Looks nice enough, pretty straightforward, except that it implements a MultiSet rather than the stated Dictionary mapping. I agree with ppperry that simplifying get_value() by using hash() makes sense. If reimplementing is necessary, I'd probably go with java's hash function just because it is well documented, well understood, and known not to have ugly collision pathologies. If you really want to keep your own, then the 7 ** i
expression seems more expensive than necessary. Try maintaining an accumulator that starts at 1 and gets acc *= 7
each time through the loop, it may bench faster.
In insert(), this seems like a regrettable design choice:
if self.table[val] == None: self.table[val] = key
If you'd instead assigned [key]
then some special casing simply disappears.
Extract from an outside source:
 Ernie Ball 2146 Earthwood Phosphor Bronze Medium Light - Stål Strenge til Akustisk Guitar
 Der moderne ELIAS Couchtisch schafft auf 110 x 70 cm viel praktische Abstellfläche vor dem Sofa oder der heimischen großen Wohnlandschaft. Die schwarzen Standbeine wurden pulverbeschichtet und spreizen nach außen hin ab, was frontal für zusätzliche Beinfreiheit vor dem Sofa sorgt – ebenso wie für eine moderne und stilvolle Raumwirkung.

For that matter, it would be useful to replace None
with []
.
This line:
self.table[val] = [self.table[val], key]
winds up doing what I suggest, in a deferred way, so the complex invariant you're maintaining is "an entry is None or a single non-colliding key or a list of colliding keys", rather than an easily maintained invariant of "an entry is a list of zero or more keys". If the complexity is justified by reduced memory consumption due to fewer list objects, then make that design decision explicit in a comment.
Caller is prohibited from storing the reserved value None, but insert() doesn't have a comment that only strings (only sequences one can call ord()
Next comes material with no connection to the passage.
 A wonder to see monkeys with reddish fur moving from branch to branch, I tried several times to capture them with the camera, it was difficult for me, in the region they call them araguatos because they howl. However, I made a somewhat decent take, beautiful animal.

on) are acceptable. A bad input of None will be discovered one level down on the call stack, in get_value(). This is not so bad - calls involving illegal input will soon be debugged. But consider adding assert
s for preconditions so that bugs are quickly isolated to the relevant layer, rather than potentially being propagated a few levels down the stack.
In lookup(), this is linear with number of collisions:
if type(self.table[val]) == list: found = key in self.table[val]
You may as well replace list with set, for faster lookups. Curiously enough, insert() does not check for key prior to inserting key, so repeated insertions lead to a long (always colliding) list. So rather than Set, you wind up offering MultiSet (or Bag) semantics. You supplied no unit tests that show the behavior of dup key insertion.
In delete()
i = self.table[val].index(key) self.table[val][i] = None
you accumulate lots of [foo, None, None, bar, None] trash after repeated insertions and deletions, leading to very long running times for lookup(). The .index()
is linear, as with in
above. It would be natural to del
the i-th entry, rather than assign None to it. This also has linear cost, which again becomes smaller if you switch from list to set.